Cross Gating. Based on the attention weighted query representation \(\bar{h}_i^q\) and reference representation \(h_i^r\), we propose a cross gating mechanism to gate out the irrelevant reference parts and emphasize the relevant parts. In cross gating, the gate for the reference video feature depends on the query video. Meanwhile, the query video features are also gated by the current reference video feature. The cross gating mechanism can be expressed by the following equation:

$$\begin{aligned} \begin{aligned} g_i^r = \sigma (W^g_r h^r_i + b^g_r)&,\qquad \tilde{h}_i^q = \bar{h}_i^q\odot g_i^r, \\ g_i^q = \sigma (W^g_q \bar{h}^q_i + b^g_q)&,\qquad \tilde{h}_i^r = h^r_i\odot g_i^q, \end{aligned} \end{aligned}$$
(3)

where \(W^g_r, W^g_q\in \mathbb {R}^{l\times l}\), and \(b^g_r, b_q^g\in \mathbb {R}^{l\times 1}\) denote the learnable parameters. \(\sigma \) denotes the non-linear sigmoid function. If the reference feature \(h_i^r\) is irrelevant to the query video, both the reference feature \(h_i^r\) and query representation \(\bar{h}_i^q\) are filtered to reduce their effect on the subsequent layers. If \(h_i^r\) closely relates to \(\bar{h}_i^q\), the cross gating strategy is expected to further enhance their interactions.

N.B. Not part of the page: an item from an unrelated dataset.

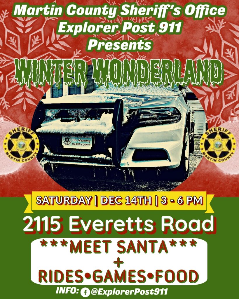 The Martin County Sheriff’s Office and Explorer Post 911 host a Winter Wonderland event with rides, games, concessions, and Santa Claus meet & greet on Saturday, December 14th from 3 to 6 PM.

Bilinear Matching. Motivated by bilinear CNN [18], we propose a bilinear matching method to further exploit the interactions between \(\tilde{h}^q_i\) and \(\tilde{h}^r_i\), which can be written as:

$$\begin{aligned} t_{ij} = \tilde{h}^{q\top }_iW^b_j\tilde{h}^r_i + b_j^b, \end{aligned}$$
(4)

where \(t_{ij}\) is the j-th dimension of the bilinear matching result, given by \(t_i=[t_{i1},t_{i2},\ldots ,t_{il}]^\top \). \(W^b_j\in \mathbb {R}^{l\times l}\) and \(b^b_j\in \mathbb {R}\) are the learnable parameters used to calculate \(t_{ij}\).

The bilinear matching model in Eq. (4) introduces too many parameters, thus making the model difficult to learn. Normally, to generate an l-dimension bilinear output, the number of parameters introduced would be \(l^3 + l\). In order to reduce the number of parameters, we factorize the bilinear matching model as:

$$\begin{aligned} \begin{aligned} \hat{h}^q_i&= F_j\tilde{h}^q_i + b^f_j, \\ \hat{h}^r_i&= F_j\tilde{h}^r_i + b^f_j, \\ t_{ij}&= \hat{h}^{q\top }_i\hat{h}^r_i, \\ \end{aligned} \end{aligned}$$
(5)

where \(F_j\in \mathbb {R}^{k\times l}\) and \(b^f_j\in \mathbb {R}^{k\times 1}\) are the parameters to be learned. k is a hyper-parameter much smaller than l. Therefore, only \(k\times l\times (l+1)\) parameters are introduced by the factorized bilinear matching model.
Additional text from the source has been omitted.